Generates a model via runLive(prompt)
Independently re-validates the source via validateGridSource
Independently re-evaluates via evaluateGridSource
Asserts on actual cell values from the in-process runtime

So tests don't trust the agent's self-reported validatedClean — they verify against the real parser + runtime.

Setup for live tests

Set one or more of:

Env var	Provider
`AI_GATEWAY_API_KEY`	Vercel AI Gateway (recommended)
`ANTHROPIC_API_KEY`	Direct Anthropic
`OPENAI_API_KEY`	Direct OpenAI

Tests skip themselves when no key is configured for the chosen provider, so a partial keyset still runs the available subset.
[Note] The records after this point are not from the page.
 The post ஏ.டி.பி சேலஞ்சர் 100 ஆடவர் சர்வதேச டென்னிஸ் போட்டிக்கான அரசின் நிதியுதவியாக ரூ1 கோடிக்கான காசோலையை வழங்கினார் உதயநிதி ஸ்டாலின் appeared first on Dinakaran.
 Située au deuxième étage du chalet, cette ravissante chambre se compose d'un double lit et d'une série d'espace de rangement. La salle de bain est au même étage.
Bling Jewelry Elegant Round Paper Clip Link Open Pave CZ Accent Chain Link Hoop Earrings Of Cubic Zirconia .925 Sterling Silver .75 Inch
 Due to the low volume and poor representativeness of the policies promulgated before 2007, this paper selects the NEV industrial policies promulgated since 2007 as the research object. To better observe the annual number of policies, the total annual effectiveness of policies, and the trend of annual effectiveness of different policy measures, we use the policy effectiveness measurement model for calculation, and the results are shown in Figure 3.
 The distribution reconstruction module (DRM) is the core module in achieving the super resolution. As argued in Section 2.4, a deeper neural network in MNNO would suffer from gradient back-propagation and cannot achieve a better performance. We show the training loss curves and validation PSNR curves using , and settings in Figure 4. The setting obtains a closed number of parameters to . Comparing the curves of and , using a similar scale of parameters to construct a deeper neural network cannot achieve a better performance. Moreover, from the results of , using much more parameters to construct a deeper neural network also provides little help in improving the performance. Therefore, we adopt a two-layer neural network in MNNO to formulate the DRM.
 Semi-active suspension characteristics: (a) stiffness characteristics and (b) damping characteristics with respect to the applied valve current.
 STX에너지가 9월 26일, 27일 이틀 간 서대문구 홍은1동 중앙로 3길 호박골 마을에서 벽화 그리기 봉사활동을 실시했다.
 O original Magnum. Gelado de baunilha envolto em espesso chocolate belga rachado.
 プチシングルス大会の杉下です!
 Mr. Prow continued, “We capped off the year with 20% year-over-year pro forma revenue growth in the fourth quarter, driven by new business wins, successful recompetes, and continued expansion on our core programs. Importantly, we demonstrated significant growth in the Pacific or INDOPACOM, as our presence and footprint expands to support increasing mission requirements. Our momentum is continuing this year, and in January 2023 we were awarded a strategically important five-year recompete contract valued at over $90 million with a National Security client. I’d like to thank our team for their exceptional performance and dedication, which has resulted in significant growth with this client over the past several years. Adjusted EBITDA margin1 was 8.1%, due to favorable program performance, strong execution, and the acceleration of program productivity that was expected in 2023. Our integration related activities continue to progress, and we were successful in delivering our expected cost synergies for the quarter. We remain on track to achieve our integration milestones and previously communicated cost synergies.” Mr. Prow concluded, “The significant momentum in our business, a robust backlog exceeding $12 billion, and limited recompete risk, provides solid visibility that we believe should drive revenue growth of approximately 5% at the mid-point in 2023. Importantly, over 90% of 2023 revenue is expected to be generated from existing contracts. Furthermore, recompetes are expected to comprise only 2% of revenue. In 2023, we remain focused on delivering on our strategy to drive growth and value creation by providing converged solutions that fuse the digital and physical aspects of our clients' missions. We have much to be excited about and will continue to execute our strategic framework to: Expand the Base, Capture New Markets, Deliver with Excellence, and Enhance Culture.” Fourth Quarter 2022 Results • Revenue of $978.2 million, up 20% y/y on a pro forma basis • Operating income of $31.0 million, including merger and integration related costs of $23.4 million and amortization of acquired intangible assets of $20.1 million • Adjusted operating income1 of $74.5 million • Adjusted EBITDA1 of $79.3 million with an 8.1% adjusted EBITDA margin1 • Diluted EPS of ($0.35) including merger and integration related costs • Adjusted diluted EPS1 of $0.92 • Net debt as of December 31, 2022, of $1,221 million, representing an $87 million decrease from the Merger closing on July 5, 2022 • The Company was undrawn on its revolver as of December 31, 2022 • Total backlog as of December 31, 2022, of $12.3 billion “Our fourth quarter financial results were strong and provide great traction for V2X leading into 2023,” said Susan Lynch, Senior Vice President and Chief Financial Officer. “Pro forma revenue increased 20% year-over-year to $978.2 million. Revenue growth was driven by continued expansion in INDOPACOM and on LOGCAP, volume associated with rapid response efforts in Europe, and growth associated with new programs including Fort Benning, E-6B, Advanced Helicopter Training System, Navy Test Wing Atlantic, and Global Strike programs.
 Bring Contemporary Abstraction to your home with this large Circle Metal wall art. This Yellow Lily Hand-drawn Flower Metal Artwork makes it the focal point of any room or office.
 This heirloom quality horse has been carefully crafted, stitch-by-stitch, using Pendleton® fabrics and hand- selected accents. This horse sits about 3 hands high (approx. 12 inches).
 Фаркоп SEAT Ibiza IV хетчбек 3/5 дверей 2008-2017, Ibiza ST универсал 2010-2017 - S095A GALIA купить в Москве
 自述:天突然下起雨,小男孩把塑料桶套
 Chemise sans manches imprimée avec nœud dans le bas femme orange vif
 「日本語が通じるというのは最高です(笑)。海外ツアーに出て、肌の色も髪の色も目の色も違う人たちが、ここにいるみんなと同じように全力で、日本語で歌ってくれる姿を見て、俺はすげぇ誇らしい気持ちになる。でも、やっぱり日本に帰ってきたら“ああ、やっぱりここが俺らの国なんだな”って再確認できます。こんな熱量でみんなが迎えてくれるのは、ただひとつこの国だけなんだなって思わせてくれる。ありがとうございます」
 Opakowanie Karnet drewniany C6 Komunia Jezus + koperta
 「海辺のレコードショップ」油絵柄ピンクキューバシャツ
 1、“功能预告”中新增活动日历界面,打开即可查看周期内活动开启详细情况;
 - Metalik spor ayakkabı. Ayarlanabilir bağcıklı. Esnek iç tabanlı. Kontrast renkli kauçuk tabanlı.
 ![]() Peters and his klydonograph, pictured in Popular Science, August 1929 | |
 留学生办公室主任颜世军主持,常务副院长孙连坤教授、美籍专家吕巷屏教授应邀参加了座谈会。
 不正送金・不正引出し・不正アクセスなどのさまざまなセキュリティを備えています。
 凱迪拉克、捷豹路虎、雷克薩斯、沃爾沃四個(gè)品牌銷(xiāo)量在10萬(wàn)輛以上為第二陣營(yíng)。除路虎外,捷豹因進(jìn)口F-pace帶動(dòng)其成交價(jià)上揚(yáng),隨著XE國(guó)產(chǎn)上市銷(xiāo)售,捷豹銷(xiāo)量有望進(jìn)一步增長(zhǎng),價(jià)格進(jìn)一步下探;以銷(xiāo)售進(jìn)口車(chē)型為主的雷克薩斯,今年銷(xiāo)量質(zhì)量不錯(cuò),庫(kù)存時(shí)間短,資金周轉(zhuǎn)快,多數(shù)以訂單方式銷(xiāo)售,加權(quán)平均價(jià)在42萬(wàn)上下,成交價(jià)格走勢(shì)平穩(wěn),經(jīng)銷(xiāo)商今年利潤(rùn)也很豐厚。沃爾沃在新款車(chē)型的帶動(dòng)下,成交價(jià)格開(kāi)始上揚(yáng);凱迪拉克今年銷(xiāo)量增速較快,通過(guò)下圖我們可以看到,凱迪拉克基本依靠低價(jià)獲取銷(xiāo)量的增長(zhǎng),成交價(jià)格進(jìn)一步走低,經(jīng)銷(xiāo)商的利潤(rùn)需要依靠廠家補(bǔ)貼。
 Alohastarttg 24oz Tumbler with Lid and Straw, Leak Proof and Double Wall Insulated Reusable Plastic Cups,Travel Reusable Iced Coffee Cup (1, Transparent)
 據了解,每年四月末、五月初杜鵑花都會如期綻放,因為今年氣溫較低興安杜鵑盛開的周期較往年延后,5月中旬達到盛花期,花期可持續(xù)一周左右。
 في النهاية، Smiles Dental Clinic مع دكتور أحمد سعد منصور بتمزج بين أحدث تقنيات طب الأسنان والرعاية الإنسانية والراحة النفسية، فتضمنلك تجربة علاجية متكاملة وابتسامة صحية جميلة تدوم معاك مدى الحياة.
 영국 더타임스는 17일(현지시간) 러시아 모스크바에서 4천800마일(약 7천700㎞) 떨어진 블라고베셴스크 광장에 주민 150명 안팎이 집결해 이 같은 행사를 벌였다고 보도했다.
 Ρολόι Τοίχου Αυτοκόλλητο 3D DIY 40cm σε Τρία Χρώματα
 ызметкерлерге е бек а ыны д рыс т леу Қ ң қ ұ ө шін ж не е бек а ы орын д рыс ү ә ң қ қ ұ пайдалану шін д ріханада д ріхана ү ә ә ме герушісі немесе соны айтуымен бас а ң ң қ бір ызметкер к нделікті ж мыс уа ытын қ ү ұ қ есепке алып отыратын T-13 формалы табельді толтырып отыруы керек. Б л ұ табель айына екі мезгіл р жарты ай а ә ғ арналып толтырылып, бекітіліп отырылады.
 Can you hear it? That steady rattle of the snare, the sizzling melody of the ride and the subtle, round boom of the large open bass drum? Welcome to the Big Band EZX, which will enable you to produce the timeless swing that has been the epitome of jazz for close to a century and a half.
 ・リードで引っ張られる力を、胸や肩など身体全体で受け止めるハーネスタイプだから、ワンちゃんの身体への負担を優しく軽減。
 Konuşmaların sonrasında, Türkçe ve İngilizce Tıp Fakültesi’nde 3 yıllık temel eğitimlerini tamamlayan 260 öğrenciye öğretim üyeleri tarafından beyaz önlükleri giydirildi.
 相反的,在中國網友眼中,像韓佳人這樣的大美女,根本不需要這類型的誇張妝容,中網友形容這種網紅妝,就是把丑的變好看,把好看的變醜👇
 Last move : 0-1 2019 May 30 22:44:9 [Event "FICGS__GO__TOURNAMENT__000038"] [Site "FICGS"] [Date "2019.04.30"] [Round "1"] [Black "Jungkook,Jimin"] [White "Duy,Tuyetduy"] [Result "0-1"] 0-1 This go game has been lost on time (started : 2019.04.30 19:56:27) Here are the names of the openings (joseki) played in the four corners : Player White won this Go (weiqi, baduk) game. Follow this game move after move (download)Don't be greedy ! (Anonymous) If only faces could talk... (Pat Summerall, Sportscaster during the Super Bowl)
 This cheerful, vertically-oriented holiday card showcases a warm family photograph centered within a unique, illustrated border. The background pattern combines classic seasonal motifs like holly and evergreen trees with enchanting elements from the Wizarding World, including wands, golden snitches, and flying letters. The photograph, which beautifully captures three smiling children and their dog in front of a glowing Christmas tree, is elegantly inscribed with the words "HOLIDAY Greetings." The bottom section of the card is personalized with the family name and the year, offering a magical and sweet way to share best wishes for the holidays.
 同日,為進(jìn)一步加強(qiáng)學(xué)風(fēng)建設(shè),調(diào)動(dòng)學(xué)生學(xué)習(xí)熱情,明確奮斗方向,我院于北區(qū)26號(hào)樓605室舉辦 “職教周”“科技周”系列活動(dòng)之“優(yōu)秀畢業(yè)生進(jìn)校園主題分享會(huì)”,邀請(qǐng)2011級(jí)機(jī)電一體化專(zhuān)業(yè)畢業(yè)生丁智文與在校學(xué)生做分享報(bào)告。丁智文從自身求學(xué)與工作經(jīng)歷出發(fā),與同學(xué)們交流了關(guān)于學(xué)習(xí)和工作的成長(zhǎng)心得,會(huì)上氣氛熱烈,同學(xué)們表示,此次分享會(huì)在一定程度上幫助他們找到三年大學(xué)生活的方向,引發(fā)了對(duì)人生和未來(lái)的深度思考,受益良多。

Optional model overrides (use the latest model id for the provider):

export GRID_AGENT_LIVE_GATEWAY_MODEL="anthropic/claude-sonnet-4.5"
export GRID_AGENT_LIVE_ANTHROPIC_MODEL="claude-sonnet-4-5"
export GRID_AGENT_LIVE_OPENAI_MODEL="gpt-5.1"

Expected cost: ~$1.50 for the full suite (~34 tests). Each test runs sequentially (fileParallelism: false) to avoid rate limits.